[Input for this task]
═══
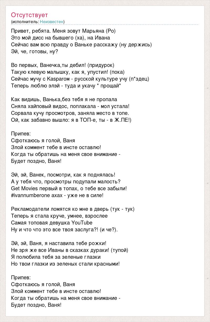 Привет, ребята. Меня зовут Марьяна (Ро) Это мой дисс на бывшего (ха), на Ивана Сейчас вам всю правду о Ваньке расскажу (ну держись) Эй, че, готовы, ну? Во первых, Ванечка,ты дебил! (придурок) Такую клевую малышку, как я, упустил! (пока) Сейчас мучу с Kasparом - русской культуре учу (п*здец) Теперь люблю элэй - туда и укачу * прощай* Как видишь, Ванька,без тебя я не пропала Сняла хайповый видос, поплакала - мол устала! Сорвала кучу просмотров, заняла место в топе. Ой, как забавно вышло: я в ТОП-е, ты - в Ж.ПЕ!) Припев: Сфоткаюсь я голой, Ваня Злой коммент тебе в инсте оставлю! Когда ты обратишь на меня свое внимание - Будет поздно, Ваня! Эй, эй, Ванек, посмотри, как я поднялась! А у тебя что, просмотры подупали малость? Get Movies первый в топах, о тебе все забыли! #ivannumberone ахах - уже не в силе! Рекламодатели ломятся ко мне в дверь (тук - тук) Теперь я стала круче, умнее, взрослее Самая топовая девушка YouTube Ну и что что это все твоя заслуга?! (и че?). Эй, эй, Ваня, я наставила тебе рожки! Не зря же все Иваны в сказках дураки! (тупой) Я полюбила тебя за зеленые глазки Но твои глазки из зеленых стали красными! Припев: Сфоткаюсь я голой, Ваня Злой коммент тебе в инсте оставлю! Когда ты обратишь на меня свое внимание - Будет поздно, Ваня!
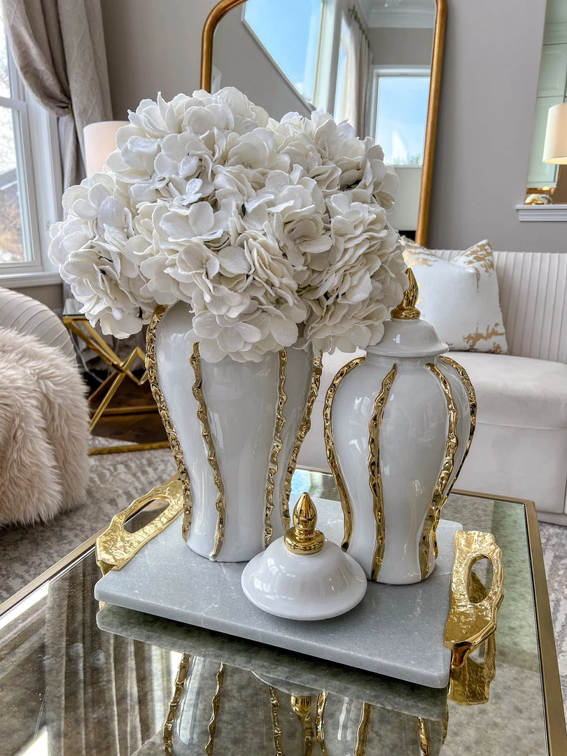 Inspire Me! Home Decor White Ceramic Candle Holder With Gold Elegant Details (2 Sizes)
═══
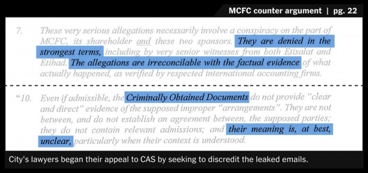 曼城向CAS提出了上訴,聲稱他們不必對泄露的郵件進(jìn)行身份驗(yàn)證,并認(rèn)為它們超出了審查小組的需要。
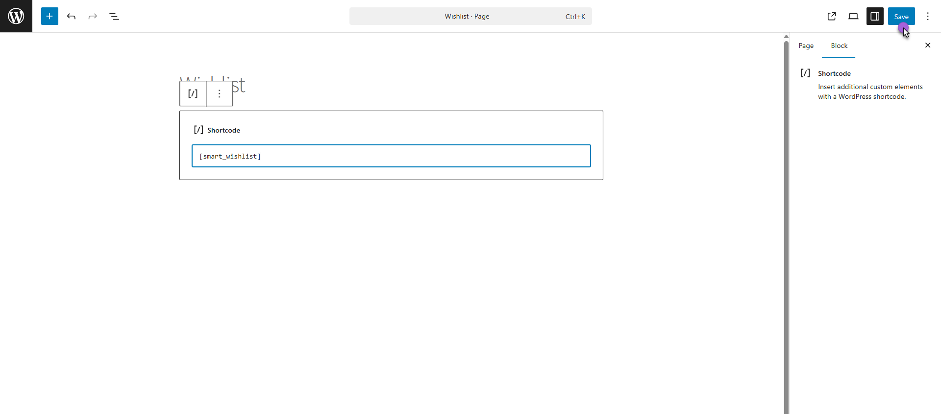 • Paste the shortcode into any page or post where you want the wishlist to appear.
═══
[Task] Reproduce exactly the lines above starting at the line containing "曼城向CAS提出了上訴,聲稱" and ending at the line containing "wishlist to appear.", including both, but not the pictures.

[Your solution]
 曼城向CAS提出了上訴,聲稱他們不必對泄露的郵件進(jìn)行身份驗(yàn)證,并認(rèn)為它們超出了審查小組的需要。
 • Paste the shortcode into any page or post where you want the wishlist to appear.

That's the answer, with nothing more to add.